I got a quart of the cidex plus at 3.4% concentration and it came with a bottle of activator without a clue as to what it is??? Any ideas what's going on here? It says it won't even work until it's added to the quart bottle. But I don't think it had our uses in mind. To add or not to add, that is the question. Any help on that one? Rick Rickilee


----------



## kevmo911 (Sep 24, 2010)

Toss the activator (really). You'll be fine. Dilute the Cidex to Excel strength using distilled water - I've done the same with Metricide - and you can keep to the directions for Excel. 1mL or so per 10g is pretty straightforward.


----------



## Seattle_Aquarist (Jun 15, 2008)

Hi rickilee,

+1 for kevmo911 comment; toss the activator.

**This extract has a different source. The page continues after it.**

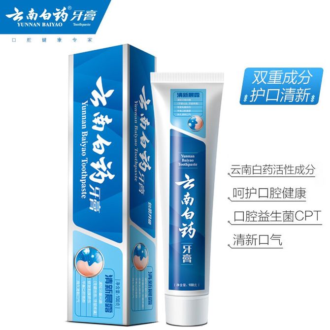 云南白药 牙膏 益优清新牙膏(清新晨露型)100g 单支装 双重养护清新口气洁齿护龈益生菌牙膏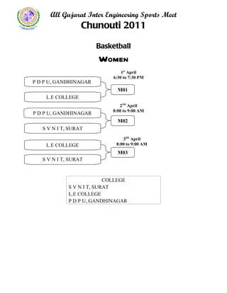 This document contains the schedule for the All Gujarat Inter Engineering Sports Meet basketball tournament in 2011. It lists the dates, times, and locations for the men's basketball matches between 7 colleges on April 1st, 3rd, and 2nd. It also lists the dates, times and locations for the women's basketball matches between 3 colleges on April 1st, 2nd, and 3rd.

To mix up 100 ml of Excel strength, use 44 ml of Cidex (@ 3.4%) and add 56 ml of water. That will give you 100 ml of Excel strength (1.5% concentration) Glut.

BTW if you have measuring spoons 1 teaspoon = 5 ml and 1 tablespoon = 15 ml


----------



## rickilee (Jun 14, 2010)

Sweet and thanks a million. I've been using mass quantities of excel to quell the attack of the green monster. It's worked well with only a bit of die off of my mosses, and even wiped the black algae out. But mui expensivo. This should help on both fronts. Tanx again. Rick


----------



## globali (May 29, 2010)

Hi everyone,

Cidex Plus contain alkaline glutaraldehyde.
Metricide14 contain buffered glutaraldehyde.

1. What is alkaline glutaraldehyde and
how can we tell that it is good 4 planted aq'.

2. Is the alkaline glutaraldehyde in CidexPlus
is buffered as well just like Metricide14.

3. What the MSDS say about other components
that may be in CidexPlus and relevant 2 planted.

Here in Israel there is no Metricide14,
all I could find so far is only CidexPlus 28.


----------



## outcast (Jul 4, 2007)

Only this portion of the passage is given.